The Pensions Regulator is considering requiring formal qualifications for independent trustees and trustee chairs, in order to raise governance standards, its executive director told delegates at Wednesday’s conference.

The watchdog may discuss proposals for more stringent expertise requirements for independent and chair trustees through a consultation later this year, Andrew Warwick-Thompson, the regulator’s executive director for defined contribution, told the Financial Times Live summit.

What you don’t want to do is end up in a situation where you make it so difficult to be a trustee that nobody is willing to do it

Andrew Warwick-Thompson, Pensions Regulator

Warwick-Thompson made a distinction between two groups of trustees, the first being the chair of the trustee board and independent trustees, and the second being lay and member-nominated trustees.

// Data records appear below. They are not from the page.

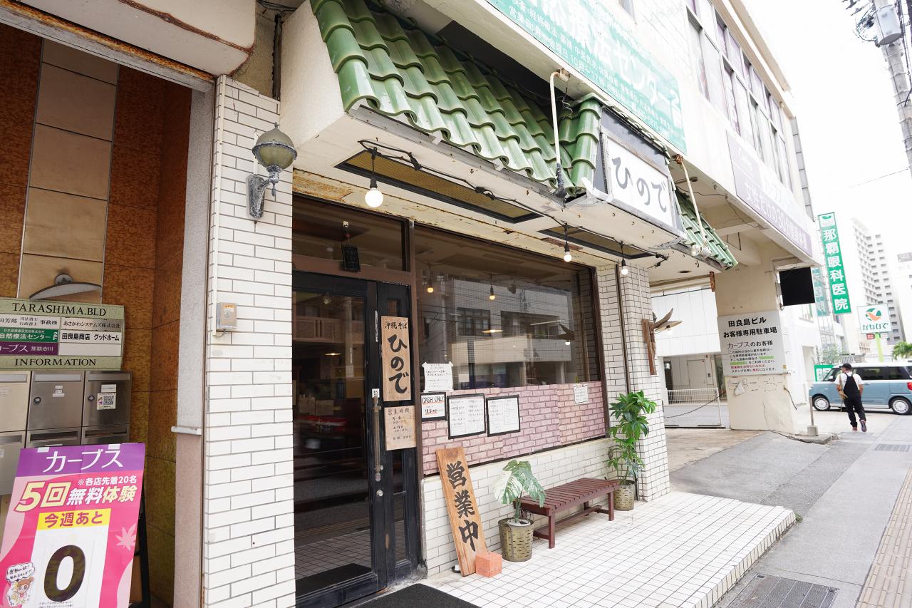 壺川駅を降りて、歩いて数分の場所にある「ひので」という沖縄そば屋さんへ。結構評判がいいみたいなので、朝食と昼食(?)を食べに来ました。さすがに11時のオープン直後は誰も居なかったので即入店。
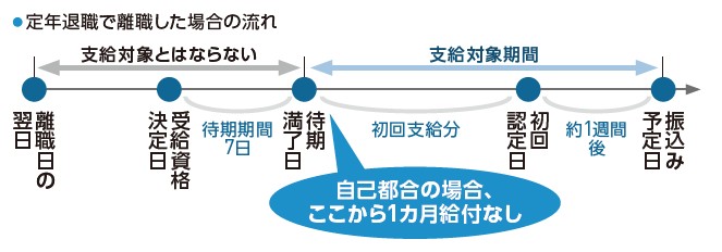 定年退職は自己都合でも会社都合でもなく、失業給付の給付日数は一般の離職者と同様ですが、図表4のような流れで失業給付の振込みが行われます。
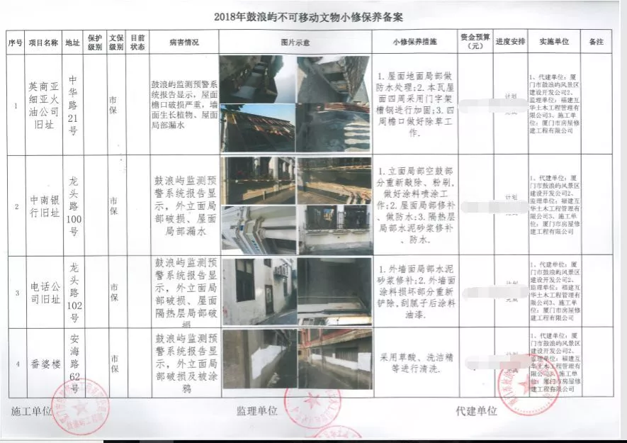 此前不久,鼓浪嶼開發(fā)公司工程部洪棟梁剛接到鼓浪嶼管委會(huì)文保處的通知?!八伲≈心香y行舊址有需要修補(bǔ)的地方?!彼焖俨榭戳藘?nèi)容,就馬上組織幾家備選施工單位的工作人員到現(xiàn)場查看??吹绞┕挝幻媛峨y色,洪棟梁耐心向大家解釋并要求:雖然這么小的工作量不好安排工人,跟大項(xiàng)目一樣也要寫好幾份報(bào)告,但不能降低標(biāo)準(zhǔn)和要求。中南銀行舊址是鼓浪嶼53處申遺要素之一,必須及時(shí)修補(bǔ)好。他說,“大家一起多幫幫忙,這樣的修補(bǔ),就只能是這樣的支出了?!苯?jīng)過與幾家施工單位反復(fù)交流溝通,現(xiàn)場把價(jià)格擬定在1000元左右。
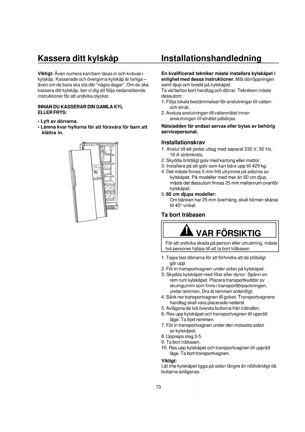 - Lämna kvar hyllorna för att försvåra för barn att klättra in. Installationshandledning En kvalificerad tekniker måste installera kylskåpet i enlighet med dessa instruktioner. Mät dörröppningen samt djup och bredd på kylskåpet. Ta vid behov bort handtag och dörrar. Teknikern måste dessutom:
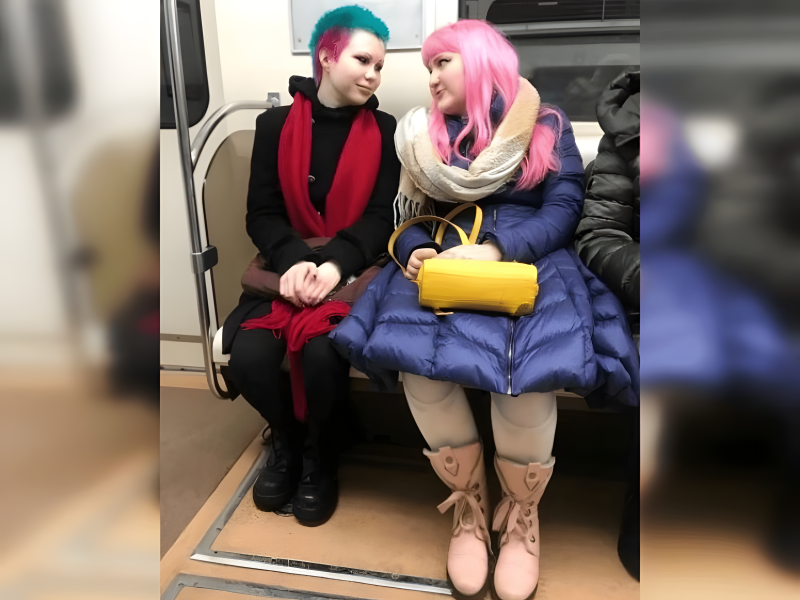 Amid the hustle and clamor, two kindred spirits connect. Their shared giggles and soft murmurs remind us that even in the most hectic spots, true bonds can spark out of nowhere.

“So I can see a potential for making the bar for a chair and particularly an independent trustee to be slightly higher than you might for a lay trustee or a member-nominated trustee,” he said. A straw poll of delegates broadly endorsed this two-level approach.

But he also cautioned: “What you don’t want to do is end up in a situation where you make it so difficult to be a trustee that nobody is willing to do it.”

He added the Financial Conduct Authority could have the same problem with tougher requirements on those who sit on independent governance committees.

The Association of British Insurers’ director-general Otto Thoresen would not be pressed on whether those sitting on IGCs would have to achieve any formal qualifications.

“Whether it’s through a qualification or whether it’s a question of expertise and experience, I think you’ve got to be able to demonstrate why you’re credible in taking that role on,” Thoresen said.

Speaking on an earlier governance panel, Barry Parr, co-chair of industry body the Association of Member-Nominated Trustees, said it was a shame trustees are not legally required to complete the regulator’s trustee toolkit.

“It can be too easy to just have a single track on governance. I think there’s a lot of merit in having breadth of talent in a trust or board and that is what I see in the ones I sit in,” said Parr. However he added he was not sure it needs to go as far as a further qualification.